━━━ Exercise data
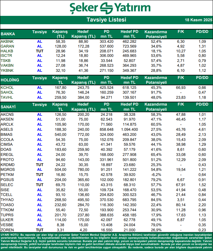 Şeker Yatırım Hisse Tavsiye Listesi – (18.11.2025)
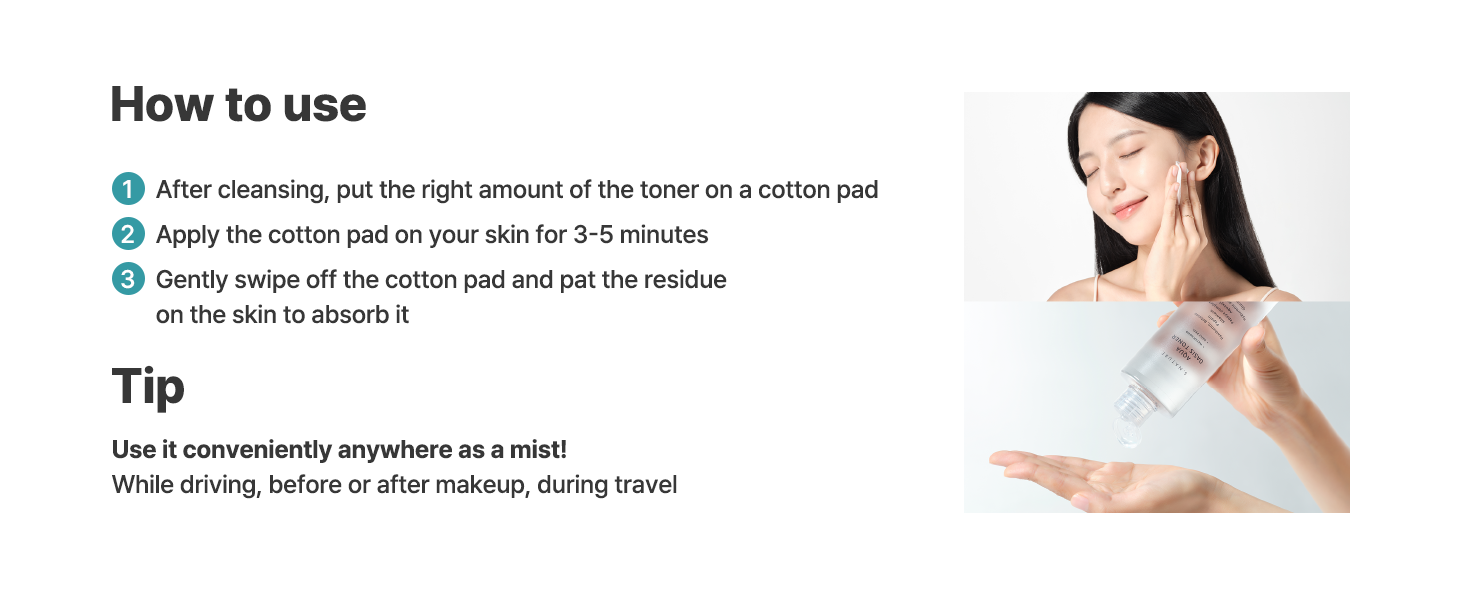 After cleansing, apply a moderate amount onto the skin and gently pat for better absorption
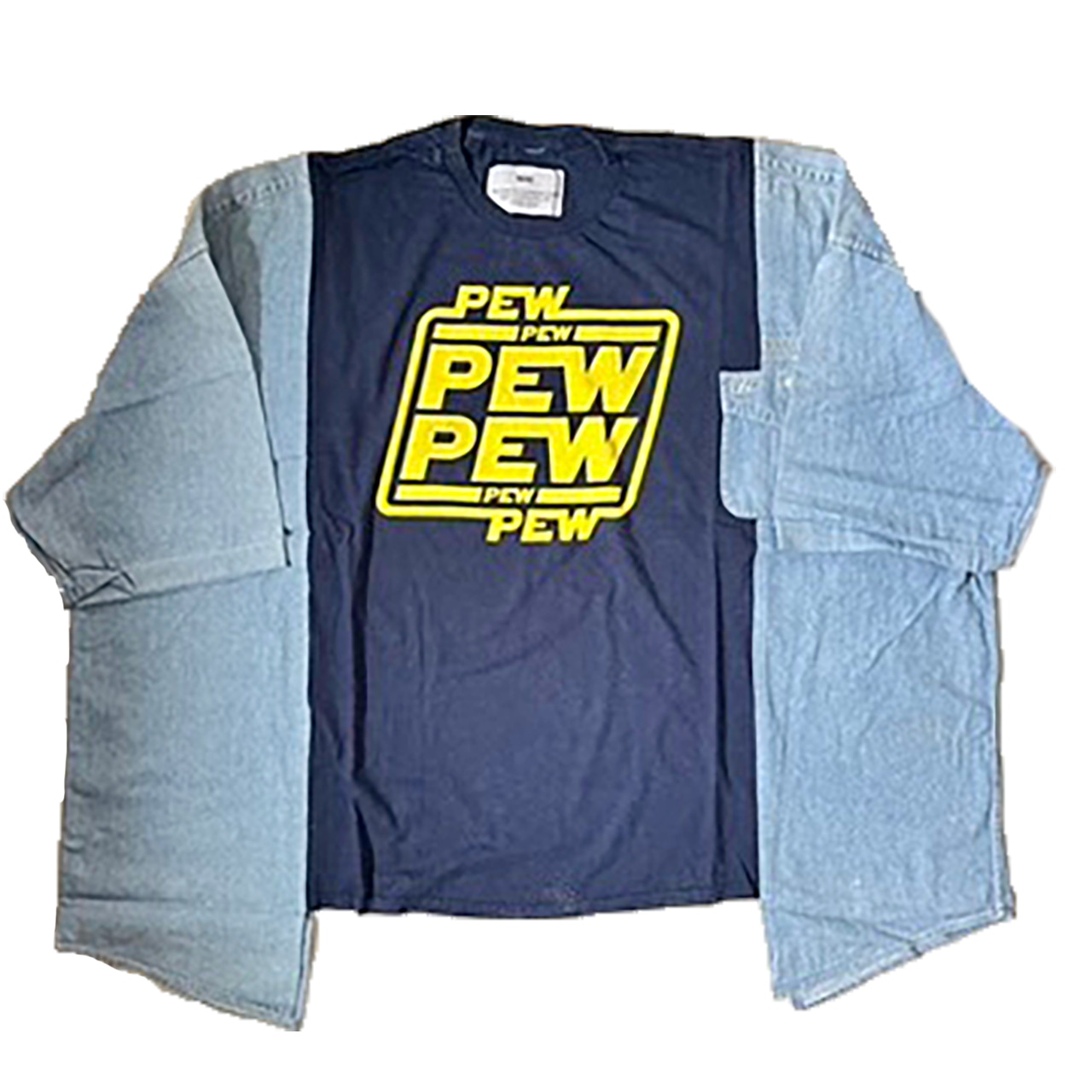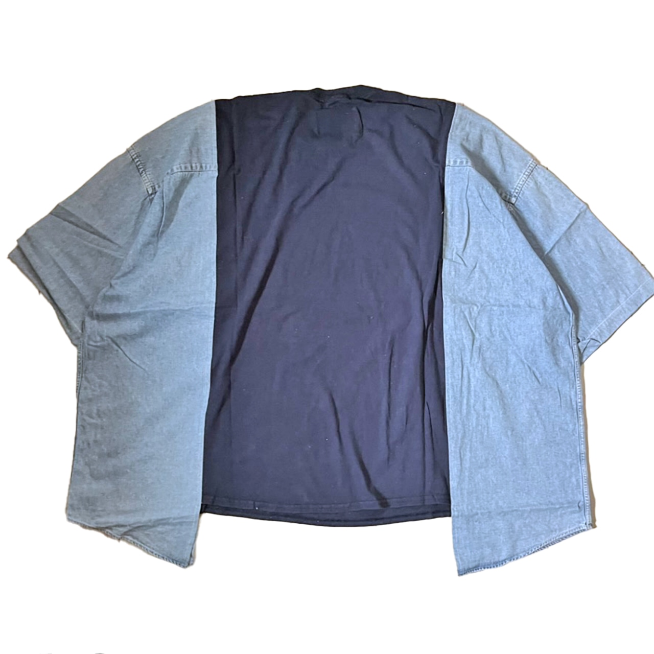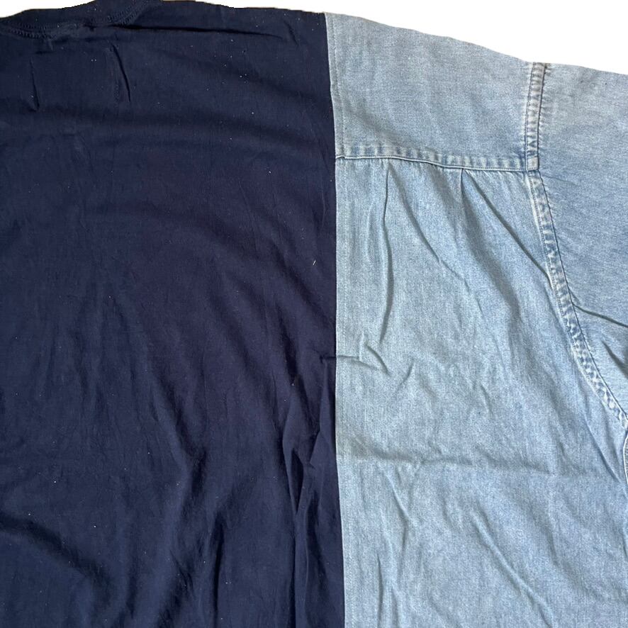 リメイク プリントTシャツ ドッキング デニムシャツ ワイドプルオーバー R-1905T ②(男女兼用)
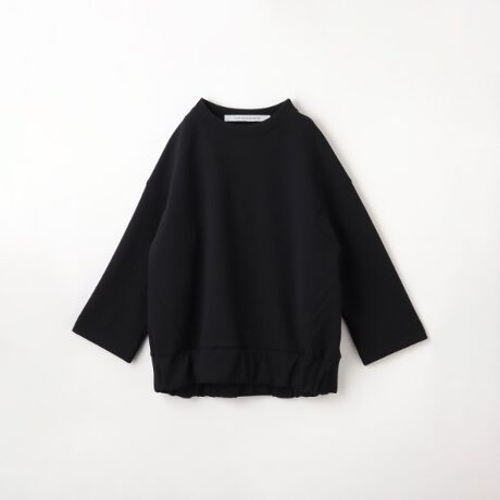 切替えの太いステッチと裾のワイドエラスティックリブが、スウェット風でありながらも綺麗めに見えるポイントになっています。
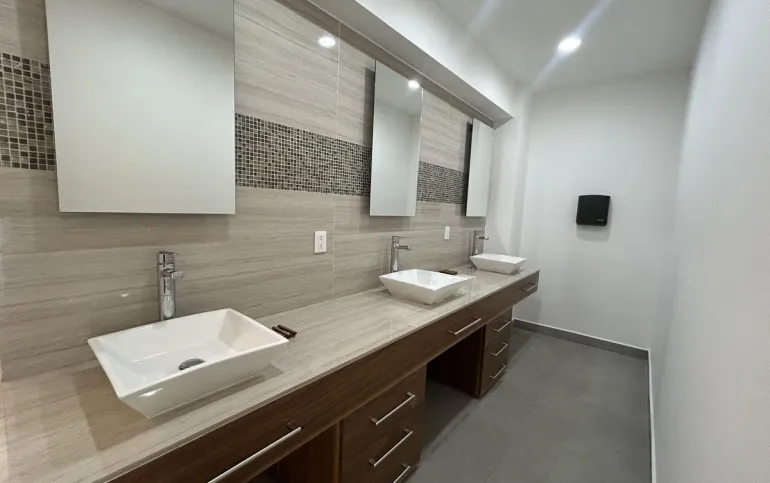 Cada nivel cuenta con baños y el edificio cuenta con 8 estacionamientos.
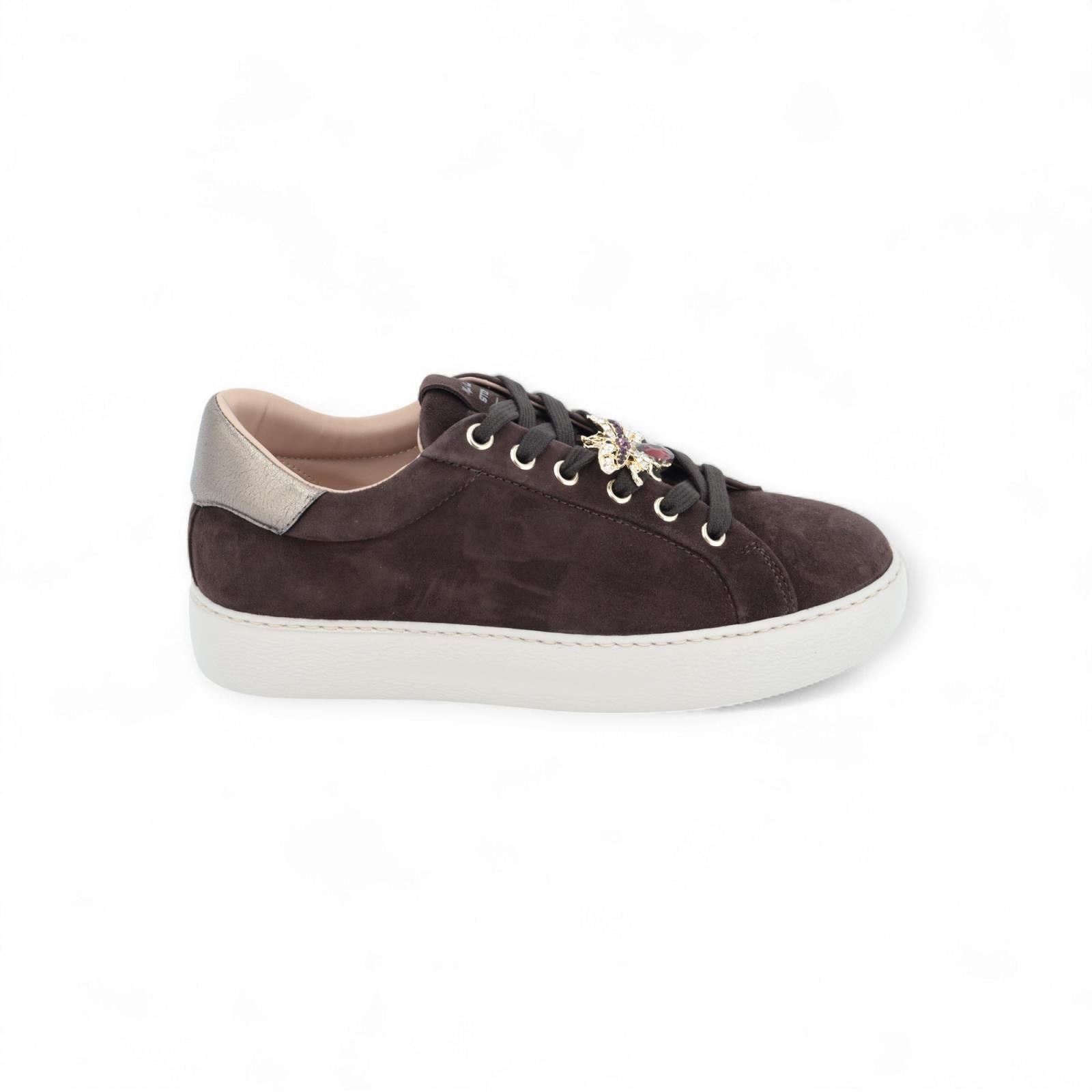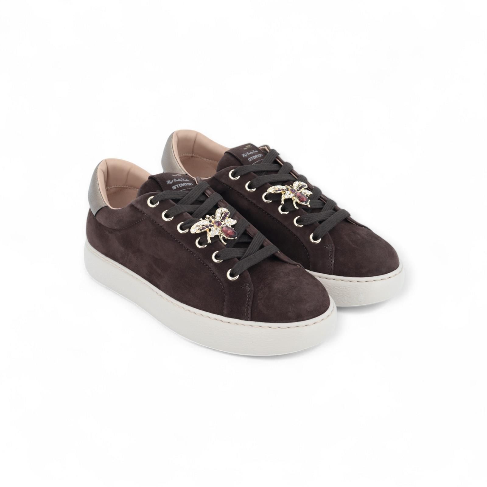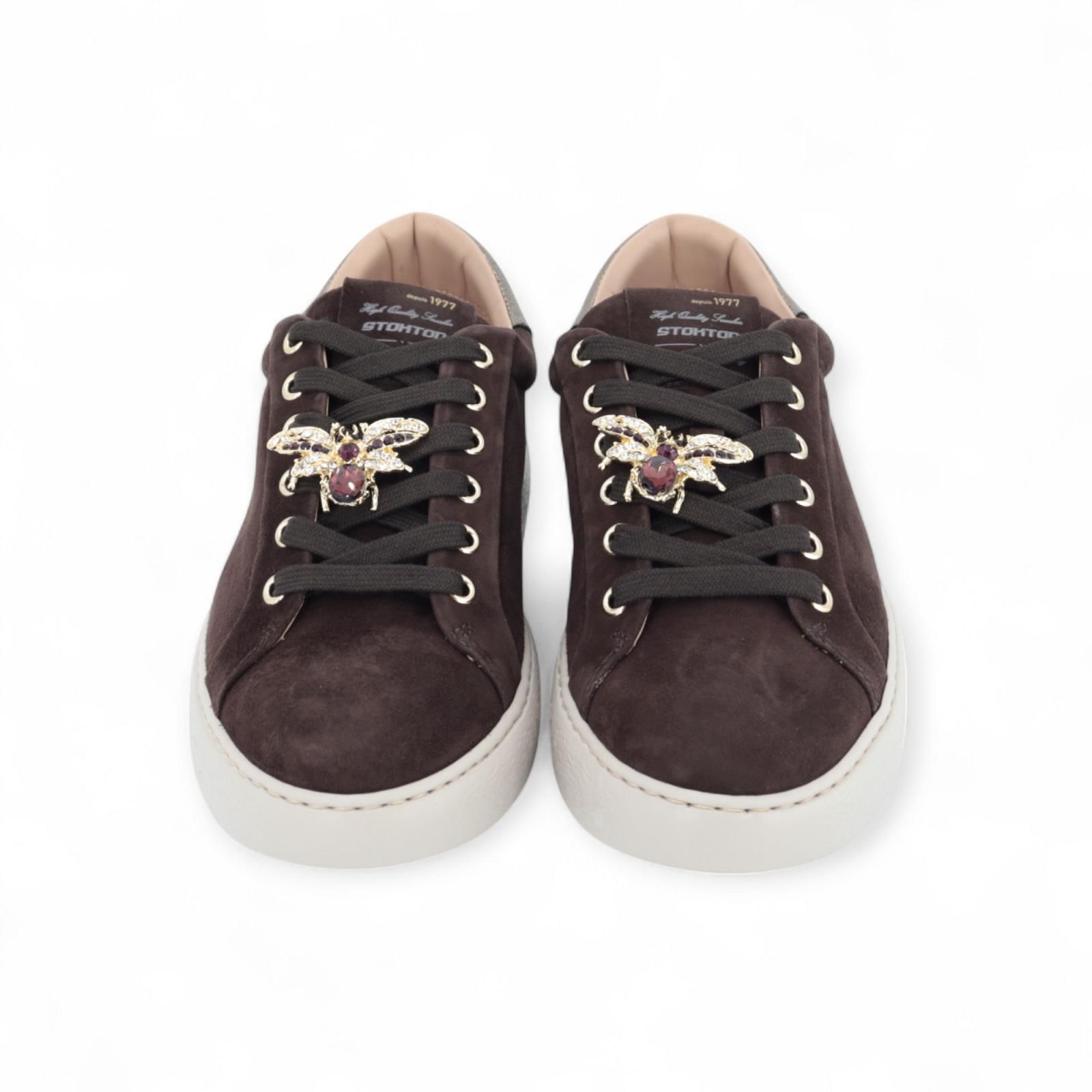 Sneaker Charming van Stokton voor dames. Deze sneaker is in donkerbruin suède met een gouden hielflap. Is afgewerkt met en een prachtig ‘bij’ accessoire op de veters met strassteentjes in goud, zwart en bordeaux. Is op een witte rubberen zool en de binnenzool is uitneembaar.
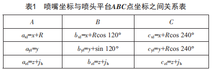 設(shè)噴嘴坐標(biāo)為)x,y,:),噴頭平臺(tái)三點(diǎn)坐標(biāo)A(ax1,ay1,az1),B(bx1,by1,bz1),C(cx1,cy1,cz1)。根據(jù)三角函數(shù)關(guān)系,易得出噴嘴坐標(biāo)與噴頭平臺(tái)A、B、C點(diǎn)坐標(biāo)之間的關(guān)系,jh為打印噴頭高度,R為噴頭平臺(tái)外接圓半徑,關(guān)系如表1所示。
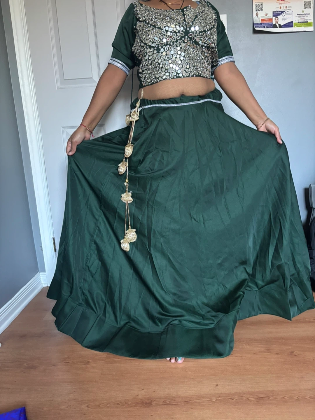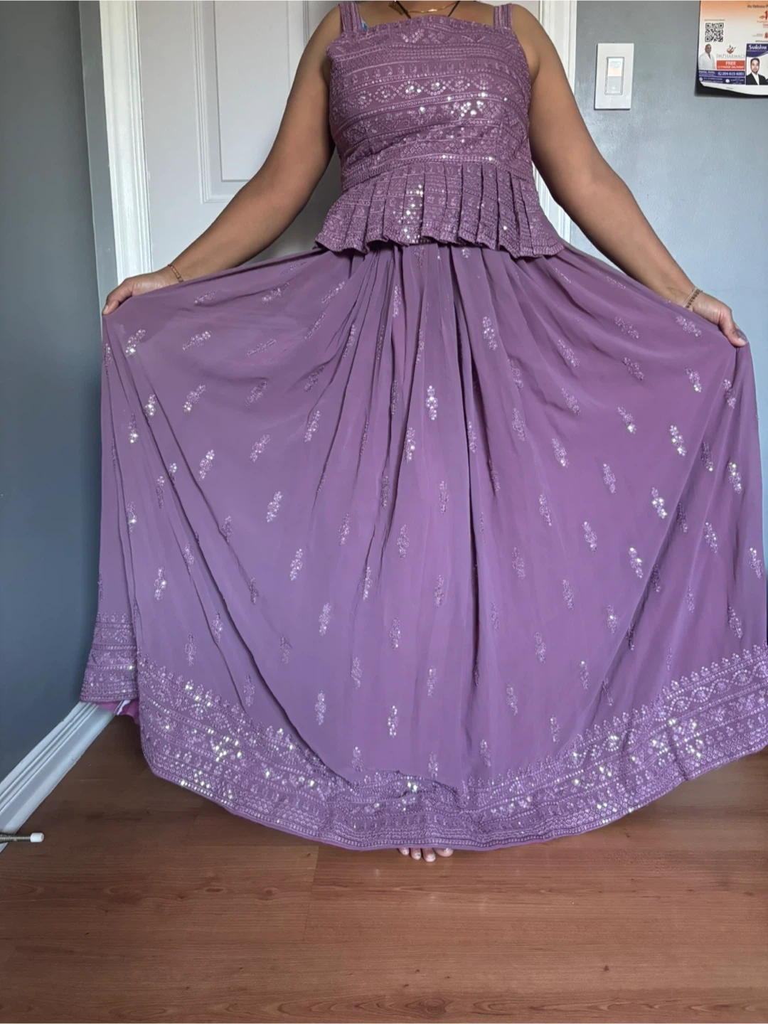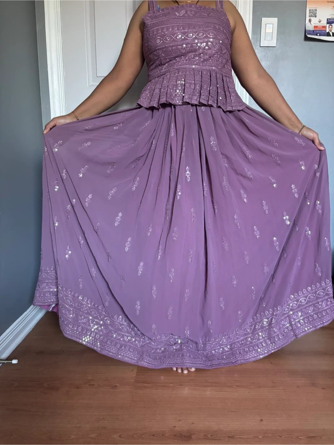 Selling a beautiful saree and lehenga choli set. The saree is a lovely light purple with gold trim and sequins. The lehenga choli is a vibrant mix of colours, perfect for a special occasion!
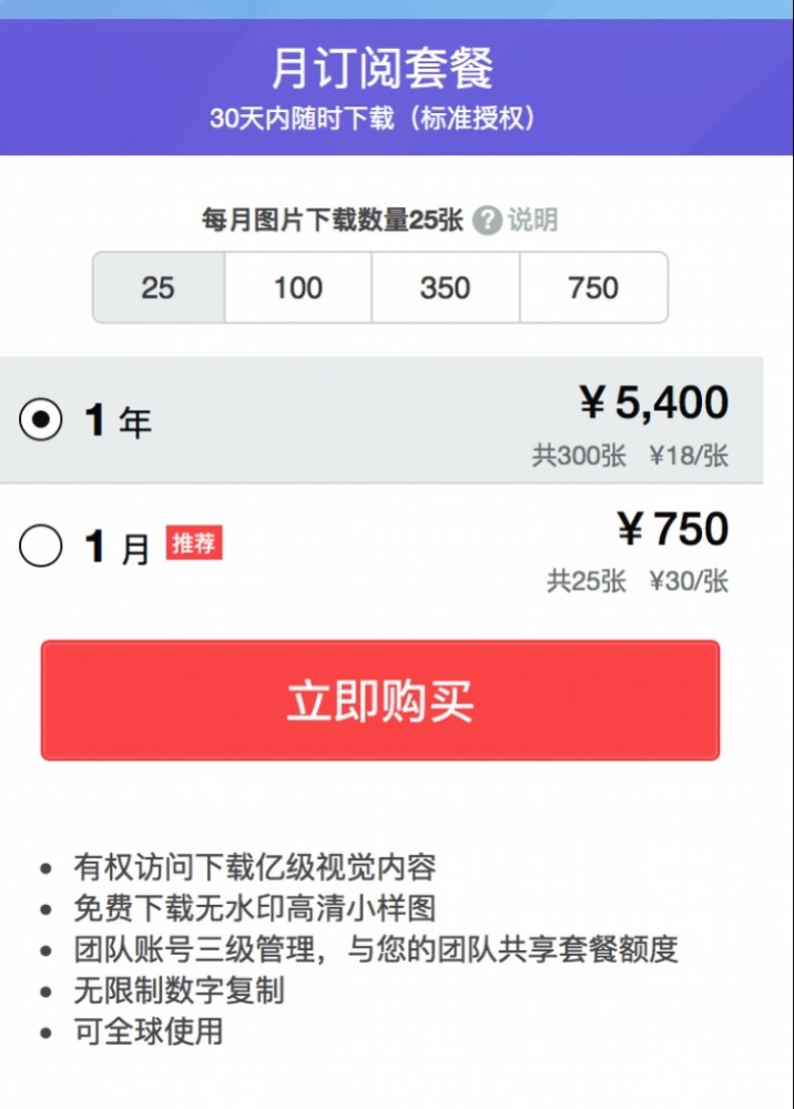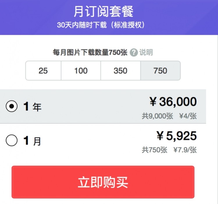另一种方式是月订阅套餐。南都记者查阅获悉,按每月下载25张计算,1个月750元,相当于30元/张;每月图片下载100张的价格为2000元,相当于每张20元。假设1个月下载750张照片,每张7.9元,合计5925元。
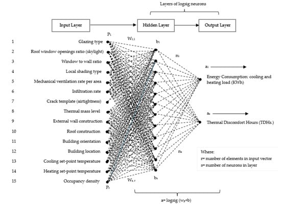 Hence, building energy simulation (BES) was applied to generate broad scenarios of ABDPs and the associated EC and TDHs quantities (1846 scenarios). These scenarios were set up in the neural network toolbox, in order to develop an ANN model to predict EC and TC for any given combination of ABDPs. The proposed ANN model for this study is depicted in Figure 4. The specifics of the ANN are as follows:
━━━━━━
● **Work order**: "Sneaker Charming van" marks the first line to be returned; return exactly that line and every line after it through the last line of the listing, omitting pictures.

● **Exercise response**:
 Sneaker Charming van Stokton voor dames. Deze sneaker is in donkerbruin suède met een gouden hielflap. Is afgewerkt met en een prachtig ‘bij’ accessoire op de veters met strassteentjes in goud, zwart en bordeaux. Is op een witte rubberen zool en de binnenzool is uitneembaar.
 設(shè)噴嘴坐標(biāo)為)x,y,:),噴頭平臺(tái)三點(diǎn)坐標(biāo)A(ax1,ay1,az1),B(bx1,by1,bz1),C(cx1,cy1,cz1)。根據(jù)三角函數(shù)關(guān)系,易得出噴嘴坐標(biāo)與噴頭平臺(tái)A、B、C點(diǎn)坐標(biāo)之間的關(guān)系,jh為打印噴頭高度,R為噴頭平臺(tái)外接圓半徑,關(guān)系如表1所示。
 Selling a beautiful saree and lehenga choli set. The saree is a lovely light purple with gold trim and sequins. The lehenga choli is a vibrant mix of colours, perfect for a special occasion!
另一种方式是月订阅套餐。南都记者查阅获悉,按每月下载25张计算,1个月750元,相当于30元/张;每月图片下载100张的价格为2000元,相当于每张20元。假设1个月下载750张照片,每张7.9元,合计5925元。
 Hence, building energy simulation (BES) was applied to generate broad scenarios of ABDPs and the associated EC and TDHs quantities (1846 scenarios). These scenarios were set up in the neural network toolbox, in order to develop an ANN model to predict EC and TC for any given combination of ABDPs. The proposed ANN model for this study is depicted in Figure 4. The specifics of the ANN are as follows:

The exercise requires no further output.